» **Exercise prompt**: From the data that follows, set down exactly the lines from the one with "寺本 きぬ子さんを姓名の画数から五運を鑑定" through the one with "[1] 신한라이프 사이트", counting both. Pictures stay out.

» **Task inputs**:
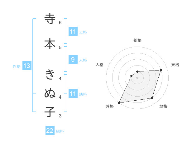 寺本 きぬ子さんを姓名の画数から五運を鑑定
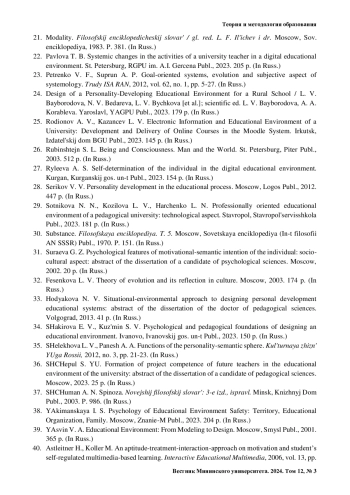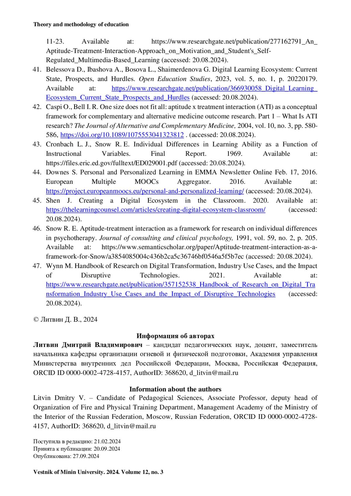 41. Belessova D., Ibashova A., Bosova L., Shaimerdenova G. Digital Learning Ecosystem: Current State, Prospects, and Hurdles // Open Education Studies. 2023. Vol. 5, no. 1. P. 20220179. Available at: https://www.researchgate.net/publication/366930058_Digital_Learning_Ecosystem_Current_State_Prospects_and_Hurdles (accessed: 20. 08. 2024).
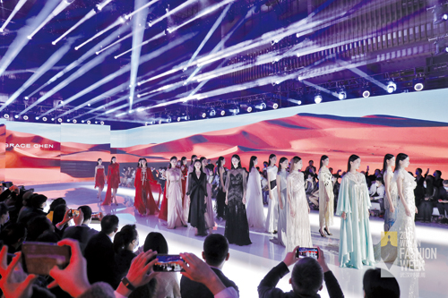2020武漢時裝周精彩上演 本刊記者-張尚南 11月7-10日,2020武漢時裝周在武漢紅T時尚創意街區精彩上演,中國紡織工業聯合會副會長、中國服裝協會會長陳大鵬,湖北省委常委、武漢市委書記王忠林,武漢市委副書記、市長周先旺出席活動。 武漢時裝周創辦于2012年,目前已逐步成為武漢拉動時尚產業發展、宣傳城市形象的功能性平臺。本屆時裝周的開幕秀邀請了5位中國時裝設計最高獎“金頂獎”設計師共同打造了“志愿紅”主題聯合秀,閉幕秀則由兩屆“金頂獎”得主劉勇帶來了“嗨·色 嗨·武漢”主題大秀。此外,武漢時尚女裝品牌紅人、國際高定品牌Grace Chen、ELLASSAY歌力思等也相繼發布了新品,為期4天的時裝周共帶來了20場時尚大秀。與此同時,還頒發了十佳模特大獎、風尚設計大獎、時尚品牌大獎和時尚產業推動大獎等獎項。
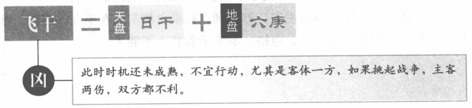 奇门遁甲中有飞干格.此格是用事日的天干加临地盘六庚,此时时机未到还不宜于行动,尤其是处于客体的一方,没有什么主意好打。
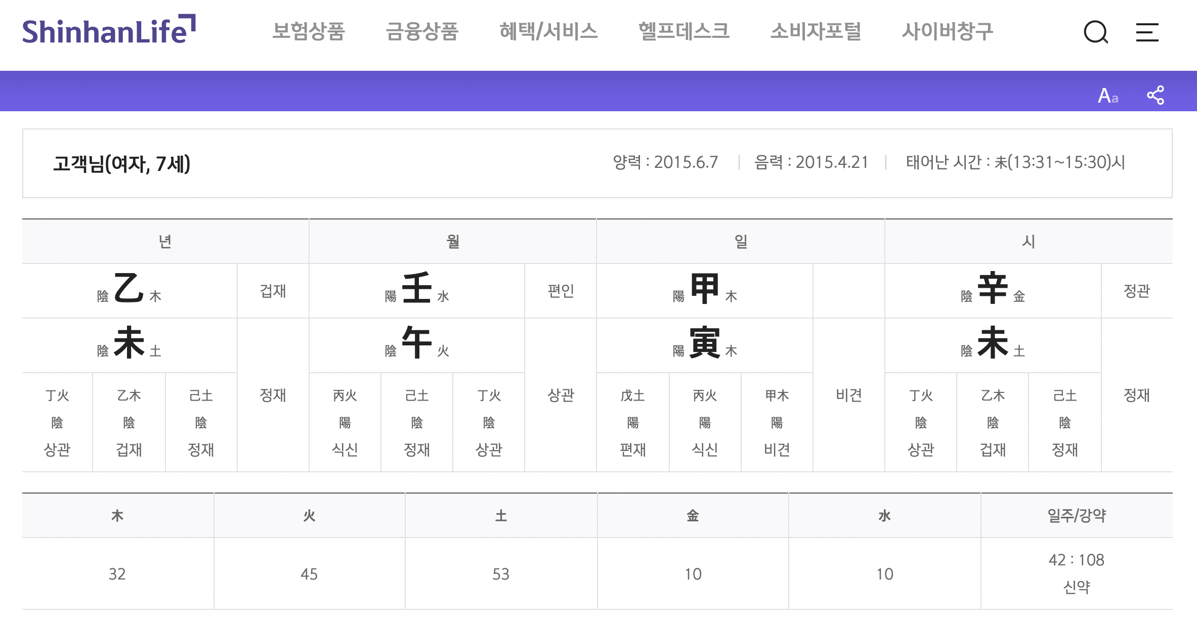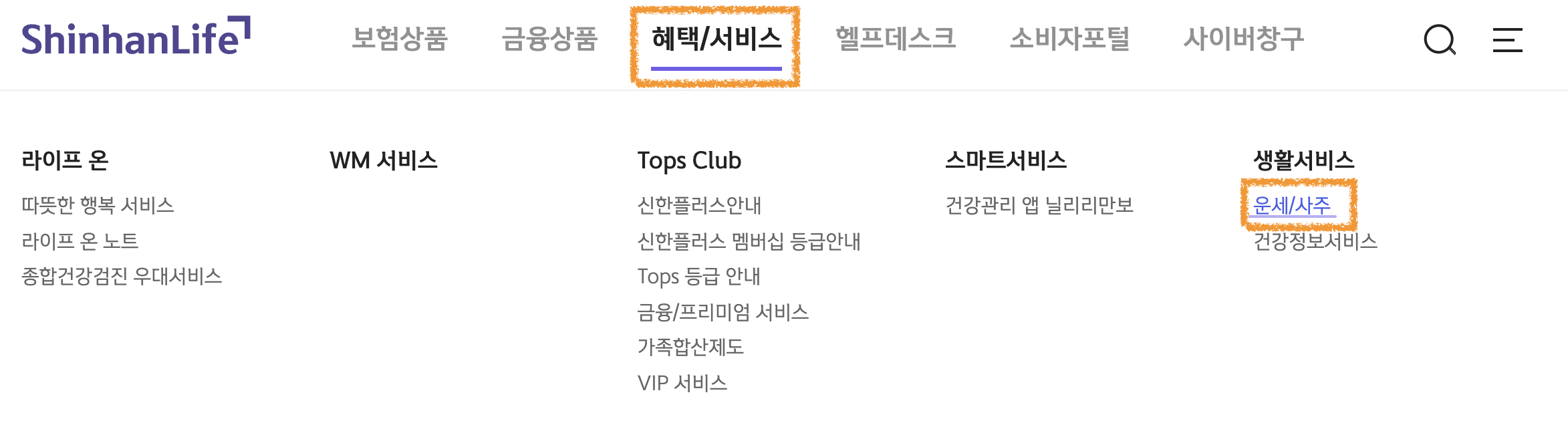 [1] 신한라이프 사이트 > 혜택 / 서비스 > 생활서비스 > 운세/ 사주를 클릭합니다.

--

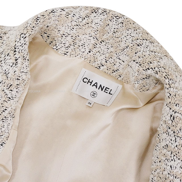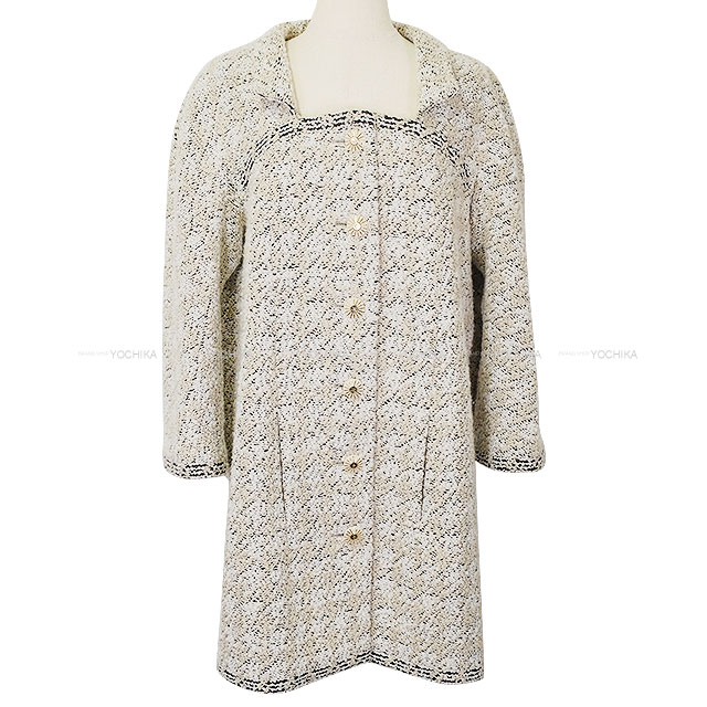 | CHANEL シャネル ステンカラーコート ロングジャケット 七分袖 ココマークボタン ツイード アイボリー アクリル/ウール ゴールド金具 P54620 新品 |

--

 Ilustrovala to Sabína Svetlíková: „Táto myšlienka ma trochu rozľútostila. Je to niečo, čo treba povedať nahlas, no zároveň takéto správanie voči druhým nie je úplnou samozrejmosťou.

» **Written response**:
 寺本 きぬ子さんを姓名の画数から五運を鑑定
 41. Belessova D., Ibashova A., Bosova L., Shaimerdenova G. Digital Learning Ecosystem: Current State, Prospects, and Hurdles // Open Education Studies. 2023. Vol. 5, no. 1. P. 20220179. Available at: https://www.researchgate.net/publication/366930058_Digital_Learning_Ecosystem_Current_State_Prospects_and_Hurdles (accessed: 20. 08. 2024).
2020武漢時裝周精彩上演 本刊記者-張尚南 11月7-10日,2020武漢時裝周在武漢紅T時尚創意街區精彩上演,中國紡織工業聯合會副會長、中國服裝協會會長陳大鵬,湖北省委常委、武漢市委書記王忠林,武漢市委副書記、市長周先旺出席活動。 武漢時裝周創辦于2012年,目前已逐步成為武漢拉動時尚產業發展、宣傳城市形象的功能性平臺。本屆時裝周的開幕秀邀請了5位中國時裝設計最高獎“金頂獎”設計師共同打造了“志愿紅”主題聯合秀,閉幕秀則由兩屆“金頂獎”得主劉勇帶來了“嗨·色 嗨·武漢”主題大秀。此外,武漢時尚女裝品牌紅人、國際高定品牌Grace Chen、ELLASSAY歌力思等也相繼發布了新品,為期4天的時裝周共帶來了20場時尚大秀。與此同時,還頒發了十佳模特大獎、風尚設計大獎、時尚品牌大獎和時尚產業推動大獎等獎項。
 奇门遁甲中有飞干格.此格是用事日的天干加临地盘六庚,此时时机未到还不宜于行动,尤其是处于客体的一方,没有什么主意好打。
 [1] 신한라이프 사이트 > 혜택 / 서비스 > 생활서비스 > 운세/ 사주를 클릭합니다.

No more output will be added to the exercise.